Law School Discipline

NO WRITER ATTRIBUTED

THE LAW SCHOOL AD BOARD is up to its old tricks again. Last week, taking on the events at Lowell House, it gave second-year law student Michael T. Anderson '83-'84 an "official reprimand," a disciplinary sanction that has no immediate consequences at the Law School, but is referred to state bar associations. The board is also now investigating the actions of Jennifer Granholm, another second-year law student who testified at Anderson's hearing. Members of the ad board, as well as those of the law school administration, did not know Granholm was present at the Lowell House protest. But after Granholm's testimony, in which she, as an eyewitness to the incident, defended Anderson, the ad board has begun disciplinary procedures against her as well.

These decisions on the Lowell House incident are particularly abhorent. By possibly damaging a student's future job prospects, the ad board is merely sidestepping responsibility for handing out discipline. In notifying bar associations of the reprimand but not recommending it be disqualifying, the ad board is holding a threat over Anderson's head but avoiding responsibility for actually punishing him.

Most shocking of all, however, was the ad board's decision to prosecute Granholm after hearing her testimony. The board seems to have completely ignored customary protections against self-incrimination. How are students to call witnesses on their behalf and have any hope of a fair hearing, if anyone who testifies can in turn be prosecuted merely by virtue of their knowledge of an event?

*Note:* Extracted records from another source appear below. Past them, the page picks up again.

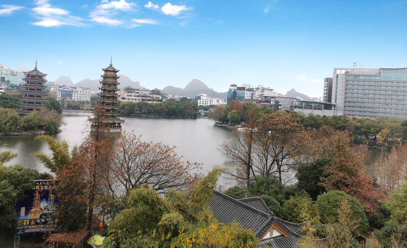 Todas las habitaciones utilizan grandes ventanas de cristal, hacen que las habitaciones del hotel sean más abiertas, a través del vidrio, de pie en la terraza con vista al río se puede ver el sol y la luna de las torres gemelas, la vista de la montaña, la vista de los dos ríos y cuatro lagos de la hermosa vista. La excelente ubicación y el hermoso paisaje son una de las razones por las que este hotel se convierte en un hotel imperdible en Guilin en 2020.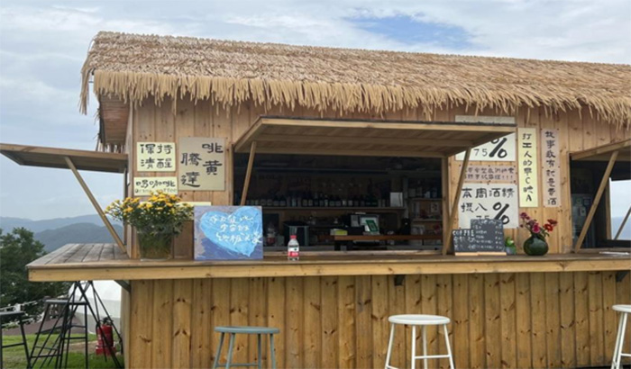 實踐團成員們慕名前往,乘著觀光車來到了山頂,入眼便是一座古樸的小小咖啡屋?Х任莸囊贿吺菬净,另一邊賊坐落著大大小小的白色尖頂帳篷。一路行至山頂露臺的邊緣,東岠島連著周圍的海景風光,盡收眼底。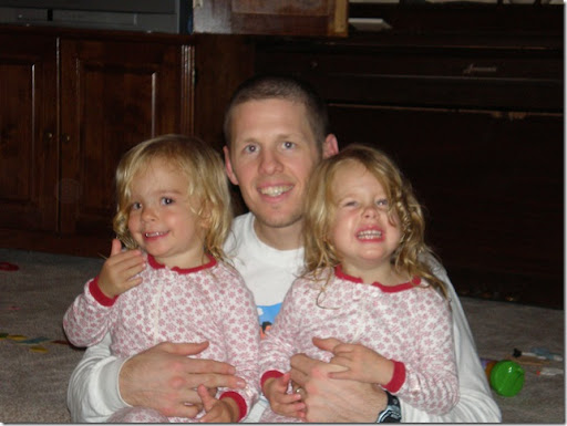 Hallie, Me and Abby. Hallie (her cousin) and Abby are in cute matching pajamas.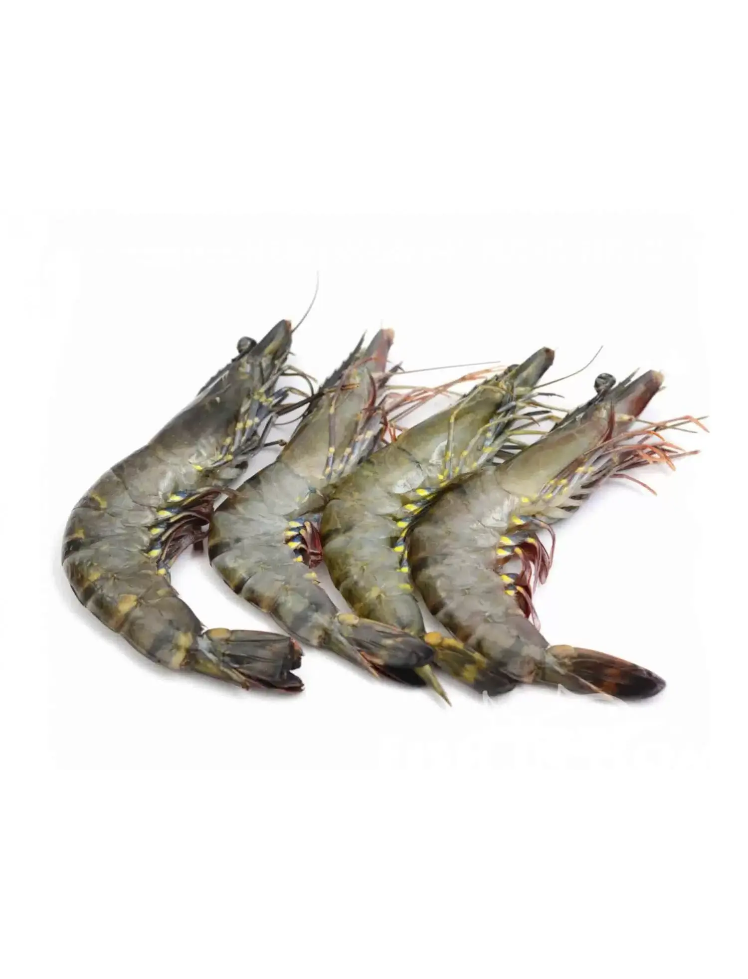 Чёрные тигровые креветки с головой (с/м — свежемороженые) — премиальный морепродукт с выразительным внешним видом и насыщенным вкусом.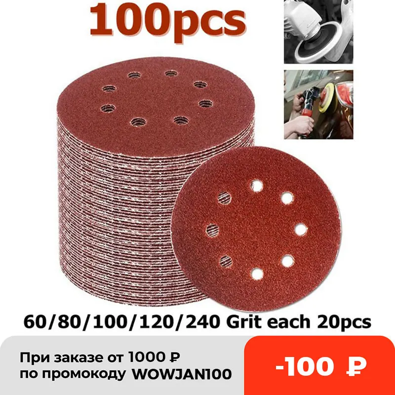 Наждачные диски круглой формы, зернистость 100 мм, 125 мм, 60, 80, 100, 120, наждачная бумага, 8 отверстий, 240 подушечек, каждый из 20, Полировочная, шлифовальная машинка шт.

The ad board's recent actions seem to be symptomatic of the general tenor of its activities this past summer and fall. After slapping 10 students on the wrist for their participation in the sit-in at 17 Quincy Street last fall, the ad board undertook to prosecute students who signed a letter of solidarity with the 10 who were inside the building. It also placed a warning in a weekly law school publication threatening more severe discipline for future illegalities.

Eventually, the ad board withdrew the request that students who requested similar punishments detail their participation at the event. However, the board's actions simply have not reflected the sort of respect for individual rights that law schools are expected to teach. Rather, they were obviously intended to intimidate students and discourage them from taking part in political demonstrations.

The Crimson has already stated its belief that the College's disciplining of protesters involved in these incidents--via the long-dormant Committee on Rights and Responsibilities (CRR)--is abhorrent because the CRR is used only to prosecute political activists. Unfortunately, the law school's handling of the same two incidents seems even more outrageous. The Law School Ad Board has acted as prosecutor, judge and jury for its students; it has selectively prosecuted those it believes to be political activists; it has unfairly penalized a student's future job prospects instead of the student himself; and it has unfairly forced another student to incriminate herself. Comparisons between the two bodies once made the CRR pale in the shadow of the Law School ad board. Though once obviously superior, the ad board's actions now seem at least as objectionable as the CRR's.